Riot police line up in front of the 100% Noticias building. They blocked access to the press room during the arrests of Miguel Mora and Lucía Pineda. Photo by Oswaldo Rivas
In May, the Interior Ministry summoned Cristiana Chamorro – a prominent journalist, former director of the Violeta Barrios de Chamorro Foundation and daughter of the president who beat Ortega in 1990 – and two other former officials to investigate alleged inconsistencies in the financial statements of the Violeta Barrios de Chamorro Foundation. Under threat of money laundering charges, the foundation, which monitored press freedom in the country, closed its doors in February.

Cristiana Chamorro, former director of the Violeta Barrios de Chamorro Foundation, prepares to speak to reporters shortly after meeting with government officials in Managua in May. Photo by Oswaldo Rivas
Nearly two dozen journalists, following the Ortega investigation, were called to testify under oath.
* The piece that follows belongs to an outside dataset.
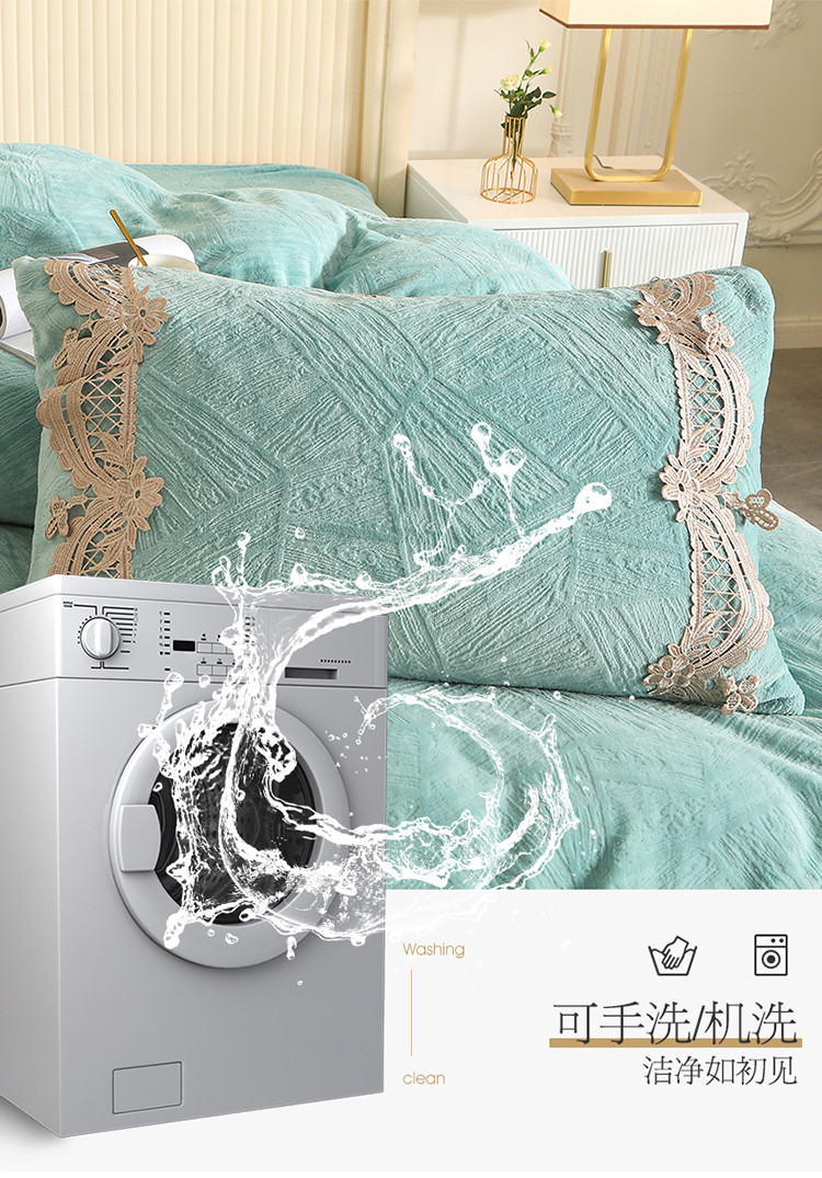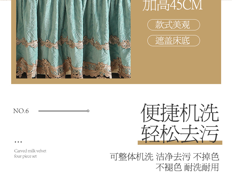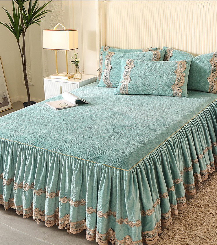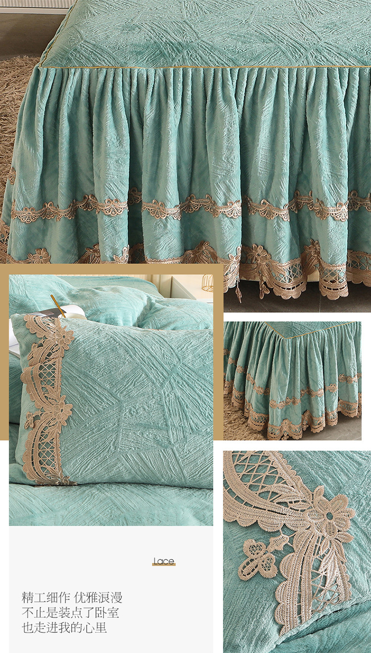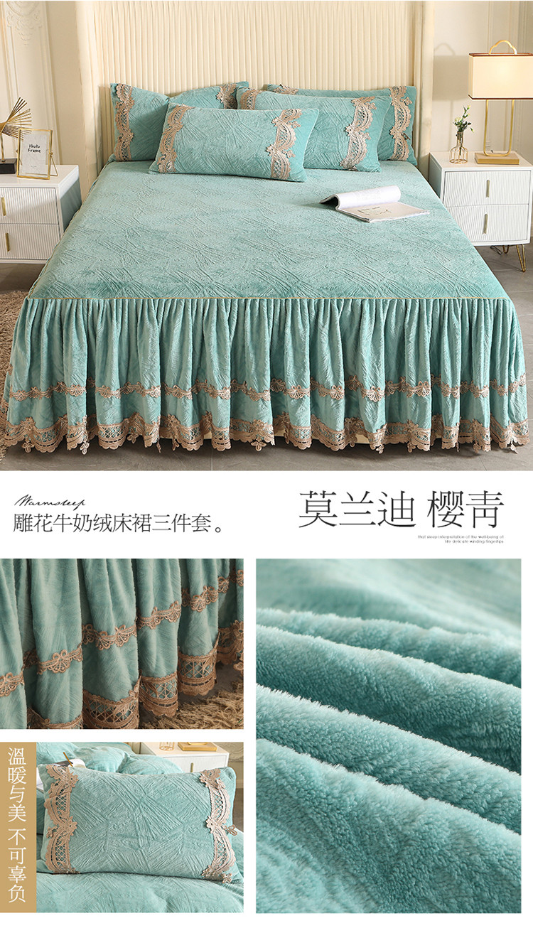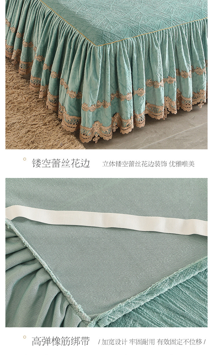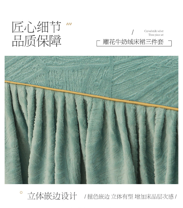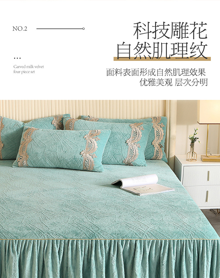 网红馆 2025新款牛奶绒雕花单品床裙被套枕套 莫兰迪-青樱

This week, the government added 13 news agencies to its investigation, which world leaders have denounced as a farce. Cristiana Chamorro, a popular personality who is also considering running for president, is currently under house arrest. On Sunday, police arrested Mora — another presidential candidate; the fifth to be arrested––and ransacked his home.
Oswaldo Rivas is an award-winning Nicaraguan photographer. He started in the world of photography in 1988 at the international news agency Nueva Nicaragua (ANN) as a war correspondent covering the country’s civil war. In 1993, he directed the photography of The gallery. From 1997 to 2020, he was part of the Reuters photojournalism team. He is currently working as a freelancer. His work has appeared in the New York Times in the USA, El País in Spain, Gent in Italy, Reform in Mexico, and many other outlets.